There is one setting:
- Terms: List of terms or characters to remove. This is a list, and in the UI, each item should be separated by a comma.
For the above example, the setting textbox should have :,Quinn:
in
it, to remove a single colon from the start of replies, and Quinn:
from the start of replies.
Other Notes
Terms are removed in the order defined by the setting. The filter loops through each term and attempts to remove it from the start of the LLM's reply.
OpenStreetMap Tool
Recommended models: Llama 3.1, Mistral Nemo Instruct.
A tool that can find certain points of interest (POIs) nearby a requested address or place.
There are currently five settings:
- User Agent: The custom user agent to set for OSM and Overpass Turbo API requests.

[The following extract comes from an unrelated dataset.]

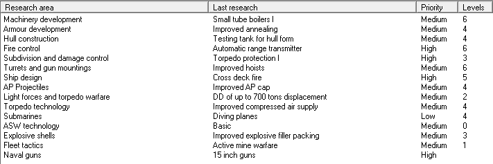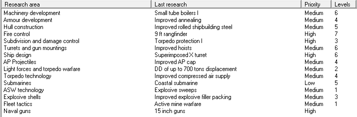 Beyond that, things have been quiet. We've refitted most of our battleships and armored cruisers with improved fire control, and research continues to go well, with the development of main battery wing turrets, cross-deck firing, and improved 14" guns.

- From Header: The email address for the From header for OSM and Overpass API requests.
- Nominatim API URL: URL of the API endpoint for Nominatim, the reverse geocoding (address lookup) service. Defaults to the public instance.
- Overpass Turbo API URL: URL of the API endpoint for Overpass Turbo, for searching OpenStreetMap. Defaults to the public endpoint.
- Instruction Oriented Interpretation: Controls the level of detail in the instructions for interpreting results given to the LLM. By default, it gives detailed instructions. Turn this setting off if results are inconsistent, wrong, or missing.
The tool will not run without the User Agent and From headers set. This is because the public instance of the Nominatim API will block you if you do not set these. Use of the public Nominatim instance is governed by their terms of use.
The default API services are suitable for applications with a low volume of traffic (absolute max 1 API call per second). If you are running a production service, you should set up your own Nominatim and Overpass services with caching.
License
All filters are licensed under AGPL v3.0+. The code is free software, that you can run, redistribute, modify, study, and learn from as you see fit, as long as you extend that same freedom to others, in accordance with the terms of the AGPL. Make sure you are aware how this might affect your OpenWebUI deployment, if you are deploying OpenWebUI in a public environment!